SAN’A, Yemen—A mine placed on the route of an antigovernment protest exploded prematurely, killing one and injuring two while raising tensions further in the country.
The explosion occurred in Lawder, a town notorious for antigovernment feeling. No group has claimed responsibility for the attack.
The explosion comes a day after Yemeni president Ali Abdullah Saleh ordered police to protect all demonstrators after two were killed late Tuesday night in the capital city of San’a. The recent protests have been relatively peaceful in San’a, despite occasional conflict between pro- and antigovernment demonstrators hurling rocks and firing assault rifles.
“President Ali Abdullah Saleh instructed all security services to thwart all clashes and prevent direct confrontation between pro- and antigovernment protestors,” a presidential aide said in a statement late Wednesday night. “In addition, the directive demanded security services to offer full protection for the demonstrators” he added.The statement said the government will “continue to protect the rights of its citizens to assemble peacefully and their right to freedom of expression.”

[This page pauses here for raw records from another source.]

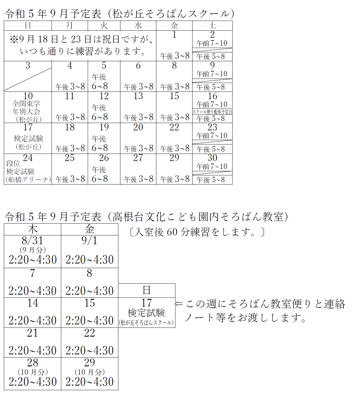 今月の予定表 2023年9月の予定表 保護者のみなさま、お間違えの無いようにご協力をよろしくお願いいたします。 2025年 2024年 2023年 2022年 2021年 2020年 2019年 2018年 2017年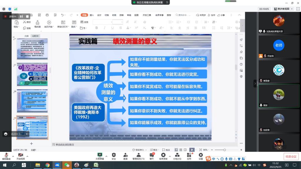 最后,刘敦虎向同学们展示了绩效管理在实践研究中的应用,告诉同学们绩效评价结果对国家政府的治理影响很大,正确客观的进行绩效管理显得尤为重要,并且鼓励同学们多学习多了解,拓宽自身的知识面,与会研究生受益匪浅、反响热烈。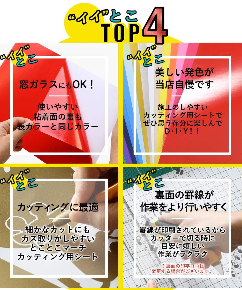 屋外での紫外線による色あせ、積雪など使用場所、状況により劣化を早める場合がありますので、ご了承下さいませ。※生産時期により、多少の色味、光沢感、粘着力、剥離紙の印字ロゴが異なる場合がございます。数十メートルロールから切り売り販売しておりますので、同色同質感にて色味を統一したい場合などは、同時期(同カート)の購入をお勧めいたします。できる限り同ロールを使用しカット致します。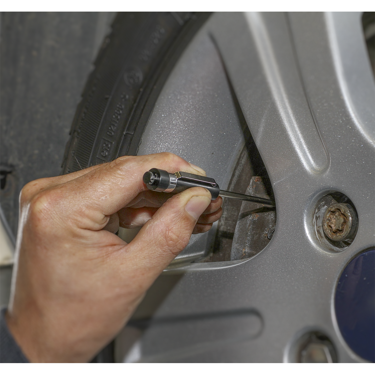 • Slim design enables the tool to locate the rear of the pad backing plate, allowing the probe to measure the distance between the underside of the backing plate and brake disc.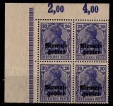 1920, Freimarken 20 Pf, Eckrandviererblock mit Oberrandpaar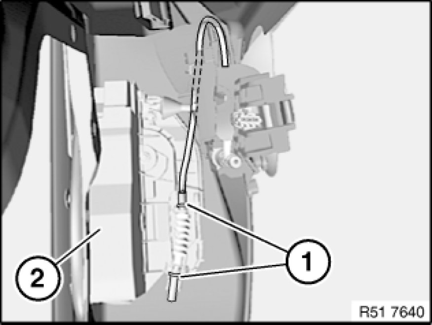 Bowden cable (1) must be correctly engaged in locators in door lock (2).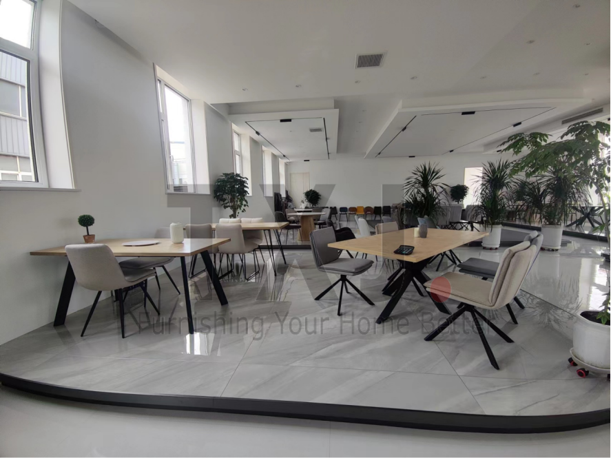 And we have arranged different product areas carefully , such as sintered stone table area, wood veneer table area, coffee table area, dining chair area, etc. We also respect the habits of friends from different regions, so we have equipped with a coffee machine. In our water bar, there are juice, Perrier, cola and more. We not only provide customers with high-quality products, but also hope to make them feel our sincerity through high-quality service.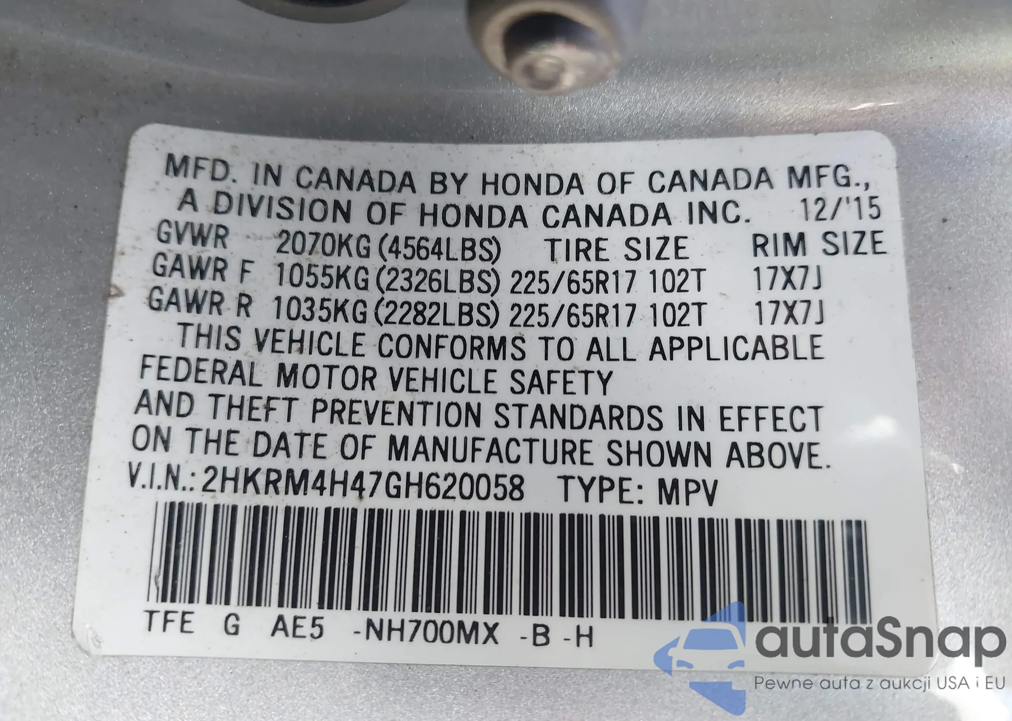 The car Honda CR-V 2016 (VIN 2HKRM4H47GH620058) has not been auctioned before. The documents are clean, and the mileage matches or is below the market average. Sold by an insurance company – we recommend purchase. Delivery to the port will take approx. 6–8 weeks.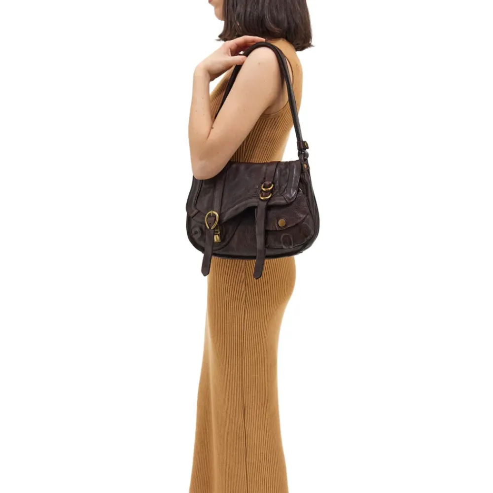 Mittelgroße Schultertasche „Arya“ aus Leder in Dunkelbraun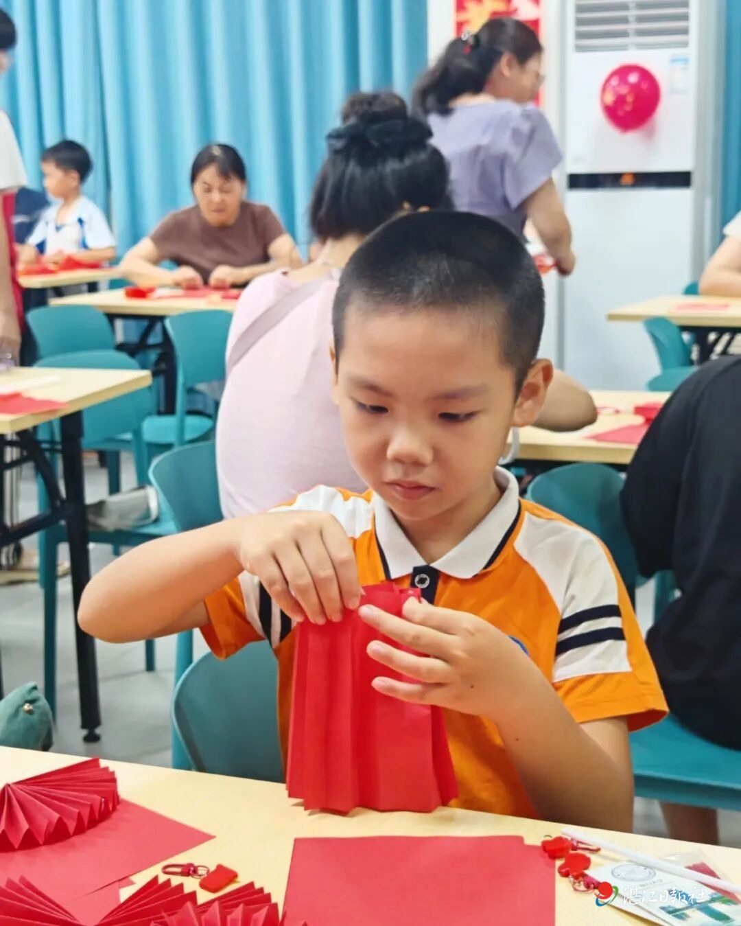 课程结束后,温馨有趣的手工实践环节紧接着展开,将活动氛围推向高潮。孩子们化身为“手工达人”,目不转睛地跟随教学视频学习折、粘、贴等传统技艺。在家长们的协助下,亲子间的协作格外默契,有的孩子小心翼翼地按着彩纸,家长耐心指导折纸的角度;有的亲子搭档,一起将折好的纸片细心粘贴,让灯笼的轮廓渐渐清晰。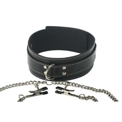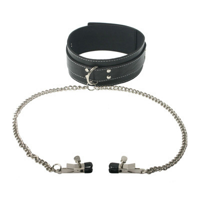 Imagine the seductive combination of PU leather and metal, collar and clamp...pleasure and pain. Master Series has your fix with the Coveted Collar and Clamp Union. This two in one set is made with submission in mind. The quality faux leather collar secures by means of a buckle and has two 12 inch chains attached to a front D-ring. Ending the chains are adjustable nipple clamps that are quickly and easily made tighter or more loose with thumb screws, so you can decide just how much punishment your naughty one requires. Measurements: Fits necks 14-18 inches Material: PU Leather, Metal Color: Black and Silver

On Tuesday, riot police tried to make a human barrier between the two sides but were overwhelmed by the protestors. The police shot in the air to disperse the demonstrators but ended up fleeing themselves after pro-government supporters started firing into the crowd, according to eyewitnesses.
An officer coordinating the police at the riots said it is impossible to control the crowds during the violence. “When you have 3,000 demonstrators behind you and 7,000 in front of you, you have to leave,” he said in an interview at the front lines of the protest on Thursday.

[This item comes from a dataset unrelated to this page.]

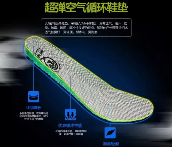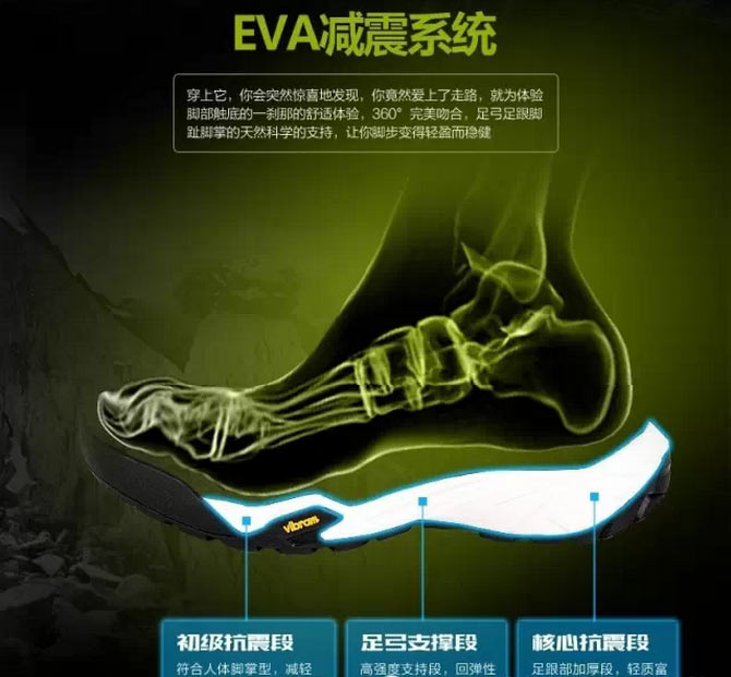 三、中底采用 EVA减震系统有效吸震,穿着更舒适;

Antigovernment numbers in San’a have grown over the past two days, from around 2,000 to over 5,000 on Thursday, but the atmosphere is peaceful and at times jovial. Protestors, many of whom have been camped in front of San’a University for days, call out for the president to flee and dance during the day. A large demonstration is due here on Friday, the holy day of the week in the Islamic calendar.

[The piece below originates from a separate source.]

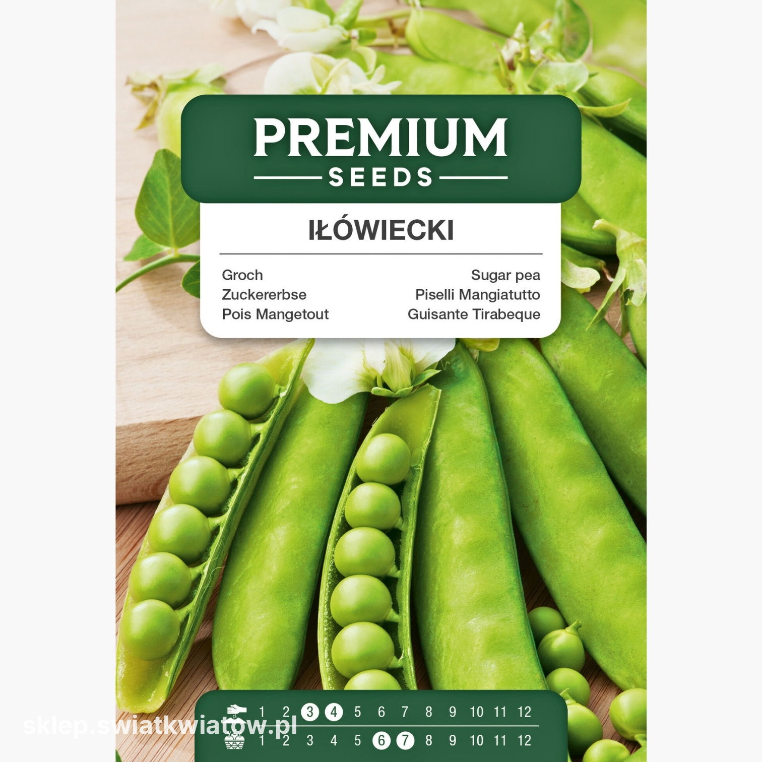 Groch Iłówiecki to wczesna odmiana grochu cukrowego, ceniona za delikatne, jasnozielone strąki pozbawione wyściółki pergaminowej. Strąki są miękkie i słodkie, dlatego można je spożywać w całości, bez łuskania. Groch Iłówiecki doskonale sprawdza się zarówno do spożycia na świeżo, jak i do mrożenia, co pozwala zachować jego walory smakowe na dłużej. Dzięki wczesnemu dojrzewaniu, zbiory możliwe są już w czerwcu, co czyni go wartościowym wyborem do ogrodu warzywnego.

Around 4,000 pro-government protestors are camped about a mile away and frequently walk up to San’a University, armed with batons and concealed weapons, to taunt the opposition. Antigovernment protestors say Yemen’s security forces pay the thugs, but the government denies any connection with its supporters who use violence.
In San’a a mixture of students and human rights activists run the protests. In the south, where Thursday’s bomb exploded, the students are joined by the Southern Movement, an umbrella association of political groups, some of which want the south of the country to secede.
The most deadly protests in Yemen have occurred outside the capital, where antigovernment sentiment has been simmering for years. In the port city of Aden, 12 protestors have been killed over the past two weeks, according to New York-based Human Rights Watch.